2. We used two restriction enzymes, Salt and KpnI (from Biolabs), to enzymatize this sequence with the pRSFDuet-1 plasmid.

3. We used T₄ DNA ligase (from Vazyme) to ligate the RBS-GFP gene after enzymatic cleavage with the pRSFDuet-1 plasmid.

4. We transferred the pRSFDuet-1-RBS-GFP into E.coli DH5α using the thermal recovery method, and conducted colony PCR and sanger sequencing. The sanger sequencing indicated that the ligation was unsuccessful.

September Week 12 (9.15-9.21)

This week, we replaced the ligase for the construction of the vector pRSFDuet-1-RBS-GFP and performed the expression verification of the pCDFDuet-1-PadC4-BphO-YhjH-MrkH vector.

1. We reused the 5min Universal Ligation Mix (from Vazyme) to ligate the digested RBS-GFP gene and the pRSFDuet-1 plasmid.

2. We transferred the pRSFDuet-1-RBS-GFP into E.coli DH5α using the thermal recovery method, and conducted colony PCR and sanger sequencing. The sanger sequencing indicated that the ligation was successful.

3. We used the thermal recovery method to transfer the pCDFDuet-1-PadC4-BphO vector into E.coli BL21 (DE3).

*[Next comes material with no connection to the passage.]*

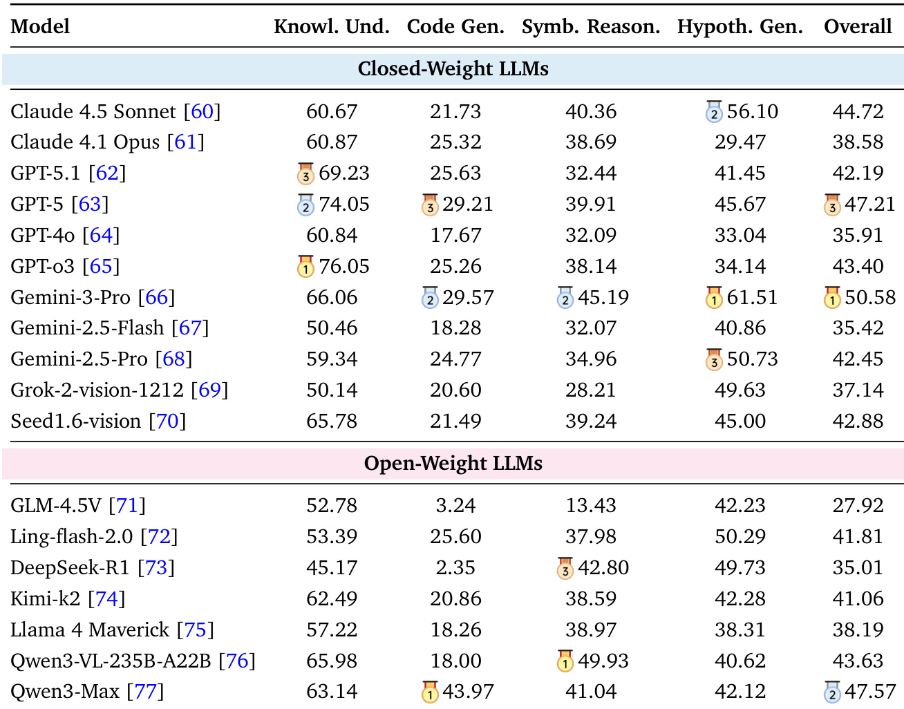 • On Scientific Knowledge Understanding, top models (Gemini-3-Pro, GPT-o3, GPT-5) achieved high scores (up to 76.05), indicating strong factual recall and concept comprehension, but performance in Code Generation and Symbolic Reasoning remained low (e.g., Gemini-3-Pro: 29.57, Qwen3-Max: 43.97), revealing a persistent gap in executable and formal reasoning.

4. We conducted a Western Blot experiment for the fourth time on E. coli BL21(DE3) harboring the pCDFDuet-1-PadC4-BphO vector, and verified that the BphO protein was correctly expressed, while the expression of PadC4 proteins remained undetectable ultimately.

September Week 13 (9.22-9.28)

This week, we carried out the construction work of pRSFDuet-1-PmrkA-RBS-AcGFP1 vector.

1. We designed PCR primers targeting the PmrkA promoter and successfully amplified and purified this DNA fragment.

2. We used two restriction enzymes, SalI and MluI (from Biolabs), to enzymatize this sequence with the pRSFDuet-1-RBS-AcGFP1 plasmid.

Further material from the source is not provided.